1. I have plenty of money.
The main point of this is to recognize that God will provide whatever I need to accomplish His will. And, of course, whatever is not His will is never in my best interest, whether or not I can recognize how that can be. A secondary point of this is that the opposite of this belief – that I never have enough money – is a prescription for discontent, at best, and despair, at worst.
2. Changes don’t upset me.
Why should I resist change? There is no improvement without it. There is no growth without it. Indeed, there is no life without it. There are many things that do not change – truth, for example, never changes. God does not change. We are often not wise enough to calculate what should change and what should not, but we can be wise enough to deal with changes as they appear, as long as we don’t waste time resisting their actuality.
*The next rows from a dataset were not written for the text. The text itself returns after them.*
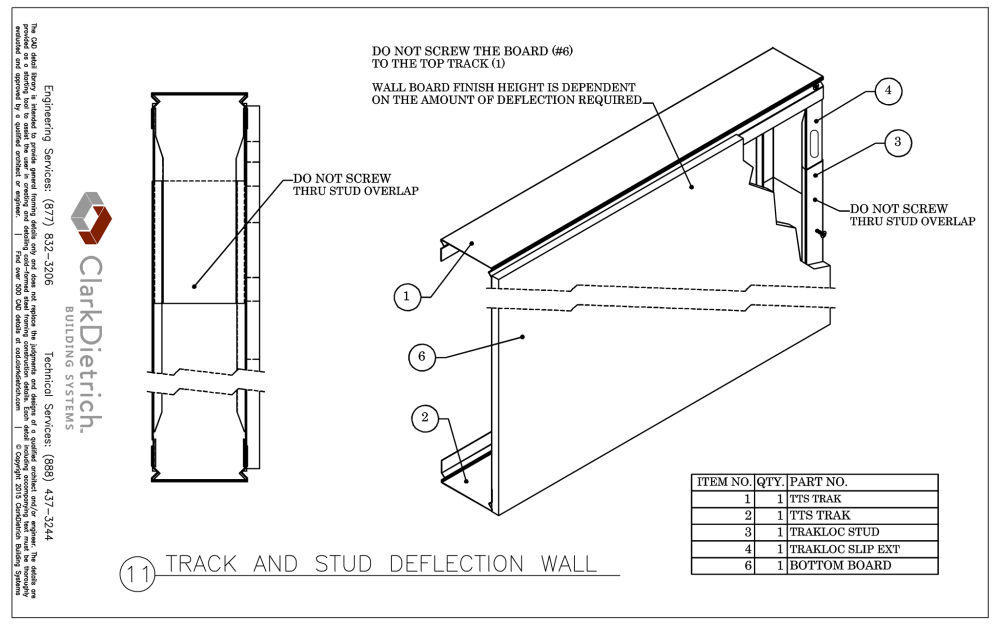 • TRAKLOC system allows for seismic and live-load vertical inter-floor deflection.
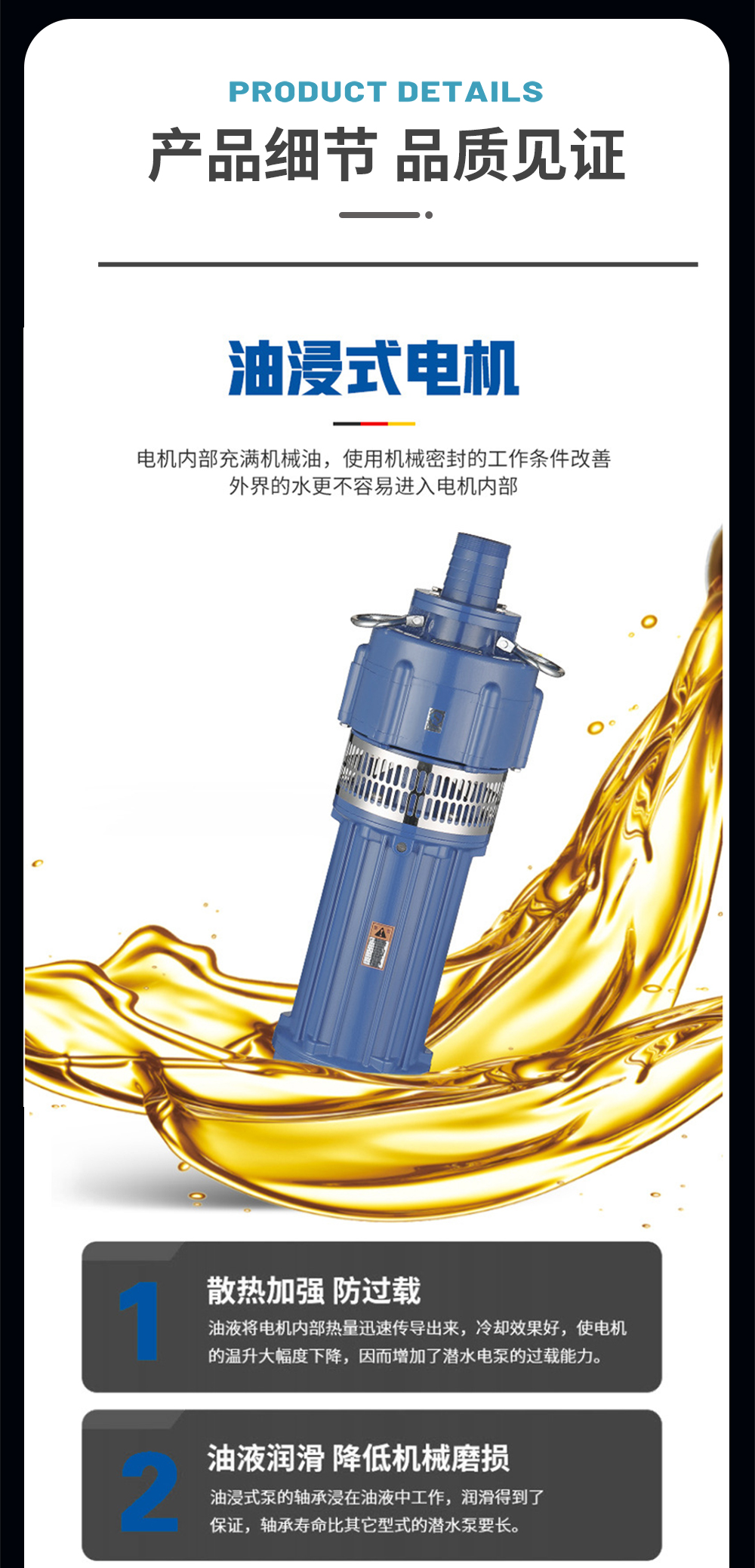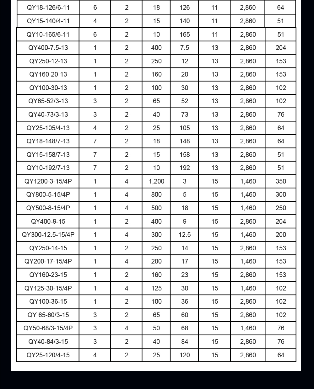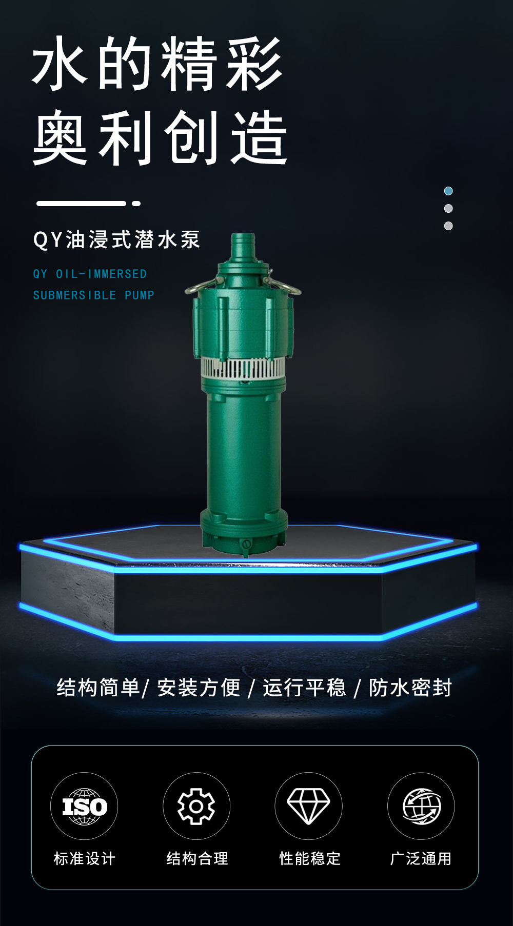 QY系列全揚(yáng)程油浸式潛水電泵由潛水電機(jī)、水泵、密封三部分組成。水泵位于產(chǎn)品上部,電機(jī)位于產(chǎn)品下端,該系列產(chǎn)品由于流量及揚(yáng)程適用范圍極廣,是廣大農(nóng)村、工礦企業(yè)廣泛使用的電力排灌設(shè)備,適用于農(nóng)業(yè)排灌、礦山排水、園林噴灌、井下提水、水塔進(jìn)水、城建用水等場(chǎng)合排水。
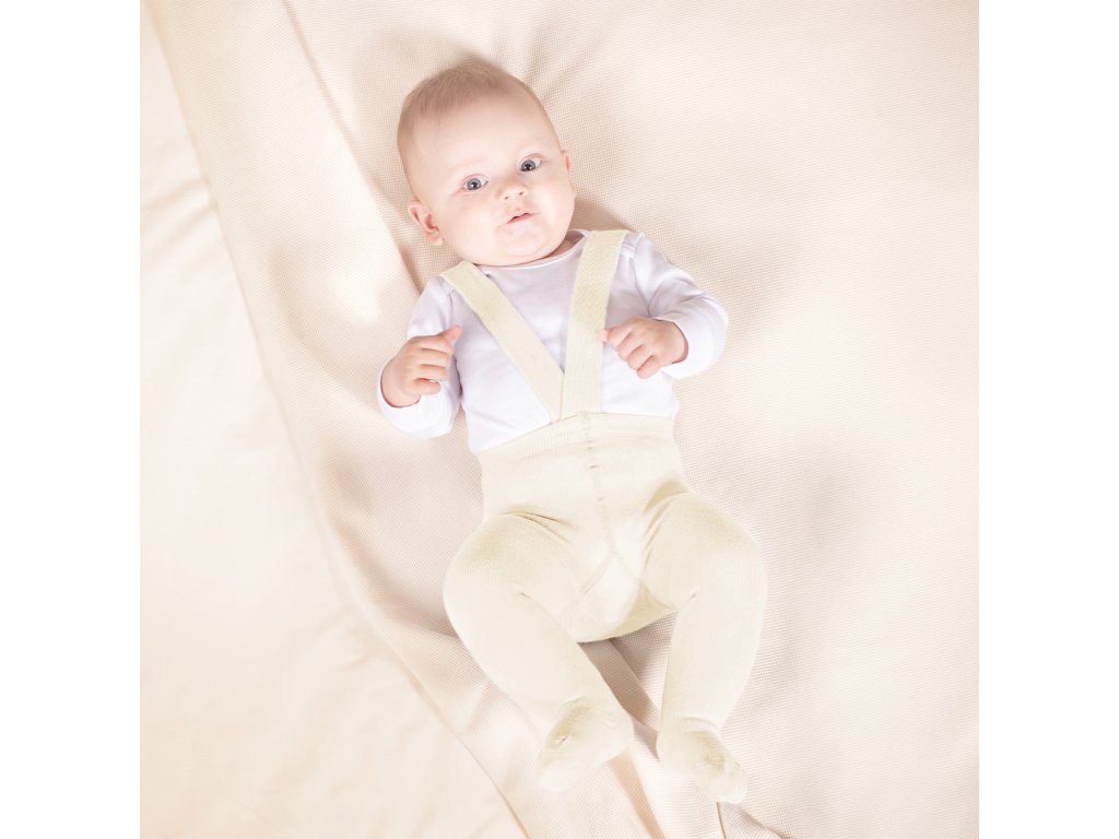 Mäkké a pohodlné pančuchy na traky v krémovej farbe. Ideálne na chladnejšie dni. Vstavané ramienka ich držia na mieste bez nutnosti vyťahovania. Držia plienku vášho bábätka na mieste. Vysokokvalitný materiál je príjemný na dotyk a nedráždi citlivú pokožku bábätka. Jemná gumička navyše netlačí na bruško vášho bábätka a široké ramienka sa vám nebudú zarezávať do ramien.

3. I don’t mind hard work.
By hard work I don’t mean physical effort that cripples us. I mean the kind of effort that strengthens us. That can be physical, mental, or a combination. Easy tasks seldom strengthen us or improve us in any way. It is the difficult tasks that help us grow, so we should embrace them, not avoid them.
4. I never worry or fret.
I had been aware that I was worrying about matters over which I had little control. Knowing that worrying itself accomplishes nothing didn’t seem to help me stop. So I began reminding myself once or twice a day that I never worry or fret. Eventually, I forgot about it, but then a fellow I had recently met made a comment that suggested he observed that I seemed to never worry about anything. Since then I have found many reasons not to worry or fret, and I have continued to remind myself of this truth every day.
5. I have no complaints.
Have you every noticed that people who complain a lot seldom seem content? Have you noticed that they seem to attract other complainers and repel contented people? It occurred to me that, even though other people don’t really listen to our complaints, we ourselves do, and it increases the disturbance within us. Complaining, like worrying, accomplishes nothing good, so I try to remember to avoid it at all times.
6. There is no reproach in me.
Reproach is defined in Webster as, “censure mingled with contempt; contumelious or opprobrious language toward any person; abusive reflections.” If I am critical of a person because of their choices, am I not being critical of the greatest gift of God, free will? And is that not a reproach toward God himself? All choices have consequences, primarily for the chooser, but also for others. All consequences are lessons; if you oppose the people you will reject the lessons.